### Information provided

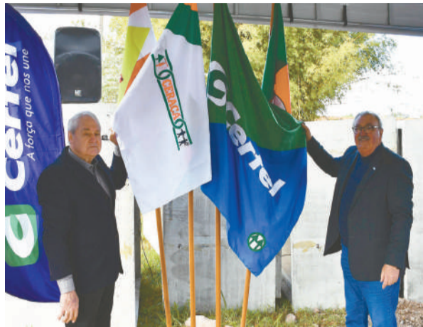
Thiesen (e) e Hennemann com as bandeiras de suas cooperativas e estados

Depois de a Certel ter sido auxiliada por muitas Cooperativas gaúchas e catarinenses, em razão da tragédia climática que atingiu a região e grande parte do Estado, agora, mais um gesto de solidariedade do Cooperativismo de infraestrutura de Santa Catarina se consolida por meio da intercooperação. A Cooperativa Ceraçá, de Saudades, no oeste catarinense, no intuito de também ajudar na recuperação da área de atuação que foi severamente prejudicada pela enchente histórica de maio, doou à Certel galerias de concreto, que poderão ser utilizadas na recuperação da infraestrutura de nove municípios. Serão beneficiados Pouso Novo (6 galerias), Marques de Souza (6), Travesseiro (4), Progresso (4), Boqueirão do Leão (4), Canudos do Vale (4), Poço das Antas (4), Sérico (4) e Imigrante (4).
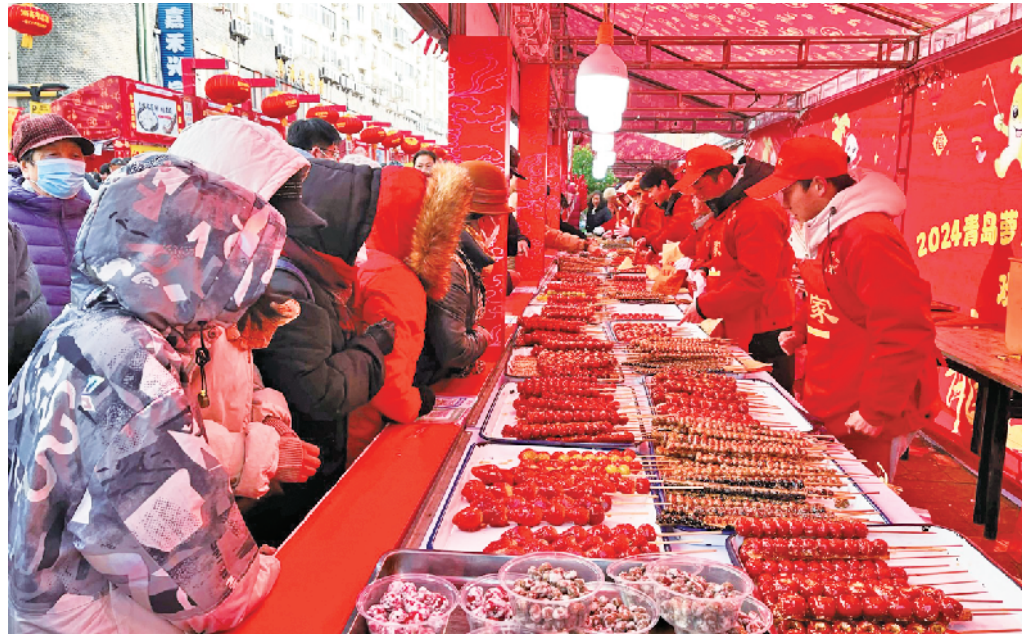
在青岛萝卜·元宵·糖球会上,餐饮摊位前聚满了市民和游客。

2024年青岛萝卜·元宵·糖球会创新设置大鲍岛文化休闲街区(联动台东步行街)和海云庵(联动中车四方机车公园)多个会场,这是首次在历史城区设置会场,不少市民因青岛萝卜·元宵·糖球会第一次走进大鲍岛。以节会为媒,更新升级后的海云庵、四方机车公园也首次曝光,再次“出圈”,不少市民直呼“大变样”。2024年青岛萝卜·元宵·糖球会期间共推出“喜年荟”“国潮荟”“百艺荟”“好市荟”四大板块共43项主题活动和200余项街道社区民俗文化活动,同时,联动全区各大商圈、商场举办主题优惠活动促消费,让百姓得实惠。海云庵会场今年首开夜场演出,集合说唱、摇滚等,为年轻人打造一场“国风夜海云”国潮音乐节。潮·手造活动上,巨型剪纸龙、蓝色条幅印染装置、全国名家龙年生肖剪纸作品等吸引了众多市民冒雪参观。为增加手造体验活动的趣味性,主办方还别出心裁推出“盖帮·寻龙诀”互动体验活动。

######

Work item: Set down all of the data word for word; no pictures belong in it.

Exercise output:
Thiesen (e) e Hennemann com as bandeiras de suas cooperativas e estados

Depois de a Certel ter sido auxiliada por muitas Cooperativas gaúchas e catarinenses, em razão da tragédia climática que atingiu a região e grande parte do Estado, agora, mais um gesto de solidariedade do Cooperativismo de infraestrutura de Santa Catarina se consolida por meio da intercooperação. A Cooperativa Ceraçá, de Saudades, no oeste catarinense, no intuito de também ajudar na recuperação da área de atuação que foi severamente prejudicada pela enchente histórica de maio, doou à Certel galerias de concreto, que poderão ser utilizadas na recuperação da infraestrutura de nove municípios. Serão beneficiados Pouso Novo (6 galerias), Marques de Souza (6), Travesseiro (4), Progresso (4), Boqueirão do Leão (4), Canudos do Vale (4), Poço das Antas (4), Sérico (4) e Imigrante (4).
在青岛萝卜·元宵·糖球会上,餐饮摊位前聚满了市民和游客。

2024年青岛萝卜·元宵·糖球会创新设置大鲍岛文化休闲街区(联动台东步行街)和海云庵(联动中车四方机车公园)多个会场,这是首次在历史城区设置会场,不少市民因青岛萝卜·元宵·糖球会第一次走进大鲍岛。以节会为媒,更新升级后的海云庵、四方机车公园也首次曝光,再次“出圈”,不少市民直呼“大变样”。2024年青岛萝卜·元宵·糖球会期间共推出“喜年荟”“国潮荟”“百艺荟”“好市荟”四大板块共43项主题活动和200余项街道社区民俗文化活动,同时,联动全区各大商圈、商场举办主题优惠活动促消费,让百姓得实惠。海云庵会场今年首开夜场演出,集合说唱、摇滚等,为年轻人打造一场“国风夜海云”国潮音乐节。潮·手造活动上,巨型剪纸龙、蓝色条幅印染装置、全国名家龙年生肖剪纸作品等吸引了众多市民冒雪参观。为增加手造体验活动的趣味性,主办方还别出心裁推出“盖帮·寻龙诀”互动体验活动。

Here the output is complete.